Vic Reeves: Inoperable brain tumour has made me deaf in one ear

Vic Reeves
Vic Reeves

Jim Moir, the comedian otherwise known as Vic Reeves, has been diagnosed with a benign brain tumour that has left him deaf in one ear.

Never again would he be able to listen to records in stereo, Moir said.

Moir, 62, has a vestibular schwannoma, a non-cancerous tumour that develops on the outside of the vestibulocochlear nerve that connects the brain to the ear and controls hearing.

He disclosed the news in a podcast, explaining that the tumour was inoperable.

“I’ve got what’s called a vestibular schwannoma. It’s a tumour in my head. I’ve gone completely deaf, one hundred per cent deaf, in my left ear. It will never come back,” he said.

“It’s the size of a grape. It’s benign. They can’t remove it. They can shrink it or just keep an eye on it, and that’s what they’re doing.

“I’d rather hear than not, but it’s happened so you just get on with it, don’t you?

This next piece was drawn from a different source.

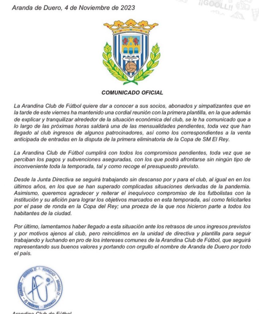 Este es el comunicado de la Arandina:

I’ve got used to it.”

The comedian, best known for the television series Shooting Stars and his partnership with Bob Mortimer, is also an artist who produces paintings of birds.

‘I had to throw away all my stereo LPs’

But he told the Adam Buxton podcast: “I like to go out birdwatching and I never know where the birds are. I can hear them but I don’t know what direction they are. If an aeroplane flies over, or a car approaches, I don’t know where it is.

“I had to throw away all my stereo LPs. It’s absolutely dead. Gone. I’m living with deafness. Can you imagine a life without stereo records? No more will I hear Jimi Hendrix doing If Six Was Nine. It goes all over the place.

“I thought it was great when stereo first happened - like we had a new toy and put it all over every record. All I’ve got left now is Frank Ifield on mono.”

Moir said that the tumour had damaged the nerve to the point where it had “gone ping and snapped. And you can’t re-attach nerves. Not at this stage in medical science, anyway. But in the future? Probably the week after I perish there will be great news.

“My dad died of prostate cancer. And about a year later he would have lived.”

Vestibular schwannomas are rare and account for around six in every 100 brain tumours, according to Cancer Research UK. The average age of diagnosis is 50.